Cascadia Subduction Zone, one of Earth's top hazards, comes into sharper focus (2024)

Cascadia Subduction Zone, one of Earth's top hazards, comes into sharper focus (1)

Off the coasts of southern British Columbia, Washington, Oregon and northern California lies a 600 mile-long strip where the Pacific Ocean floor is slowly diving eastward under North America. This area, called the Cascadia Subduction Zone, hosts a megathrust fault, a place where tectonic plates move against each other in a highly dangerous way.

The plates can periodically lock up and build stress over wide areas―eventually to be released when they finally lurch against each other. The result: the world's greatest earthquakes, shaking both seabed and land, and generating tsunamis 100 feet high or more.

Such a fault off Japan caused the 2011 f*ckushima nuclear disaster. Similar zones exist off Alaska, Chile and New Zealand, among other places. At Cascadia, big quakes are believed to come roughly every 500 years, give or take a couple hundred. The last occurred in 1700.

Scientists have long been working to understand the Cascadia Subduction Zone's subterranean structures and mechanics, in order to delineate places most susceptible to quakes, how big they might be and what warning signs they might produce. There is no such thing as predicting an earthquake; rather, scientists try to forecast probabilities of multiple scenarios, hoping to help authorities design building codes and warning systems to minimize the damage when something happens.

A new study promises to greatly advance this effort. A research vessel towing an array of the latest geophysical instruments along almost the entire zone has produced the first comprehensive survey of the many complex structures beneath the seafloor. These include the geometry of the down-going ocean plate and overlying sediments, and the makeup of the overriding North American plate. The study was published in the journal Science Advances.

"The models currently in use by public agencies were based on a limited set of old, low-quality 1980s-era data," said Suzanne Carbotte, a marine geophysicist at Columbia University's Lamont-Doherty Earth Observatory, who led the research. "The megathrust has a much more complex geometry than previously assumed. The study provides a new framework for earthquake and tsunami hazard assessment."

Cascadia Subduction Zone, one of Earth's top hazards, comes into sharper focus (2)

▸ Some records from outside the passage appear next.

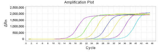 图.1 BIOGHSCSuper MultiProbeOne Step Kit检测甲型流感病毒,10倍梯度稀释曲线,检测灵敏度可达2copy/rxn.
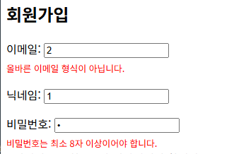 - 입력된 값이 있고 이메일 형식이 아니면 오류 메시지를 표시합니다.
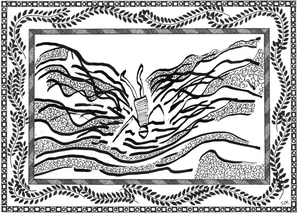 But it was not of the Blue Woman that the small fish was afeared. Over her shoulder, coming out the weed beds, coming nigh, a huge ugly head, the size of a small ship with teeth all awry, was a monster to strike terror into the hearts of any sea going being, fish or fiend.
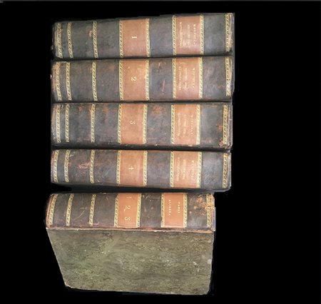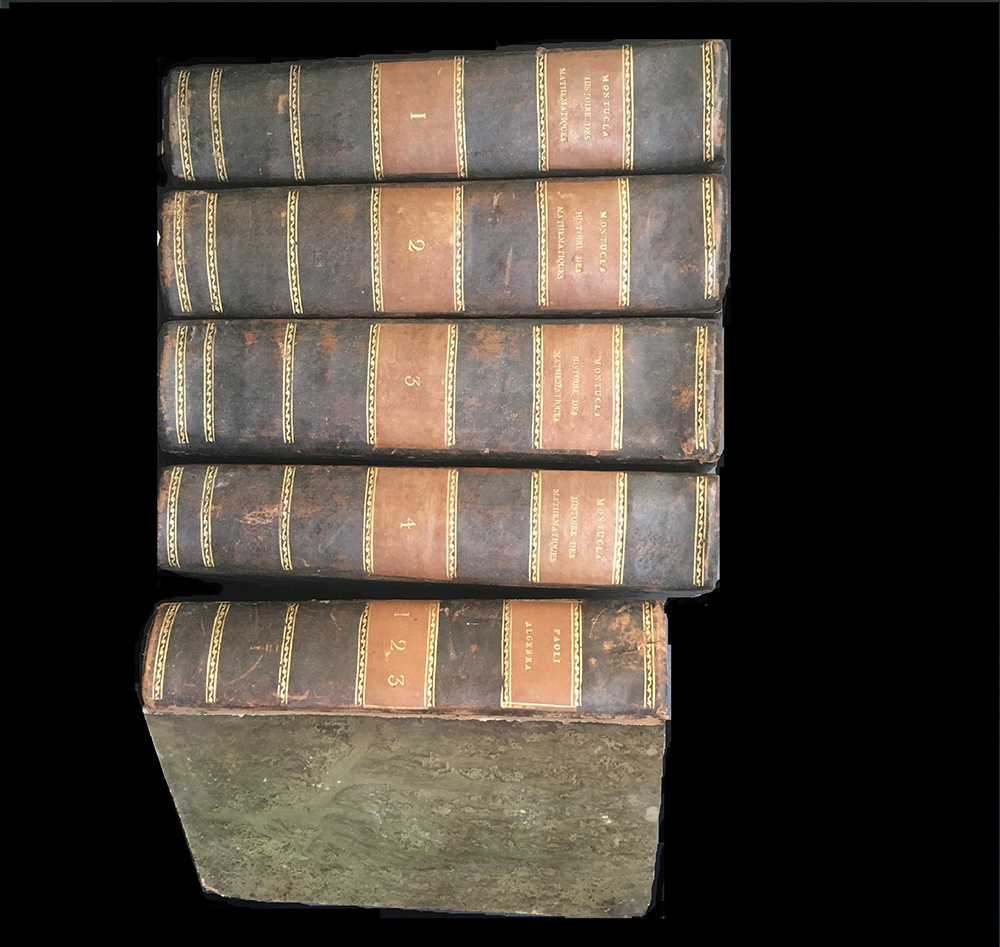 MONTUCLA J.F. Histoire des Mathematiques. Parigi: Agasse, 1799-1802. 4to, 4 voll. Legatura coeva in mezza pelle con titiolo e decori in oro al dorso, tagli a spruzzo. Nel lotto anche una copia dell'Algebra di Paoli in legatura simile. Buona copia dell'edizione ampliata della celebre storia della matematica di Montucla, prima nel suo genere. Non collazionato e difetti da esaminare.

The data was gathered during a 41-day cruise in 2021 by Lamont's research vessel, the Marcus G. Langseth. Researchers aboard the ship penetrated the seafloor with powerful sound pulses and read the echoes, which were then converted into images, somewhat similar to how physicians create interior scans of the human body.

One key finding: the megathrust fault zone is not just one continuous structure, but is divided into at least four segments, each potentially somewhat insulated against movements of the others. Scientists have long debated whether past events, including the 1700 quake, ruptured the entire zone or just part of it—a key question, because the longer the rupture, the bigger the quake.

The data show that the segments are divided by buried features including big faults, where opposing sides slide against each other perpendicular to the shore. This might help buffer against movement on one segment translating to the next.

"We can't say that this definitely means only single segments will rupture, or that definitely the whole thing will go at once," said Harold Tobin, a geophysicist at the University of Washington and co-author of the study. "But this does upgrade evidence that there are segmented ruptures."

The imagery also suggests the causes of the segmentation: the rigid edge of the overriding North American continental plate is composed of many different kinds of rocks, formed at different times over many tens of millions of years, with some being denser than others. This variety in the continental rocks causes the incoming, more pliable oceanic plate to bend and twist to accommodate differences in overlying pressure. In some places, segments go down at relatively steep angles, in others at shallow ones.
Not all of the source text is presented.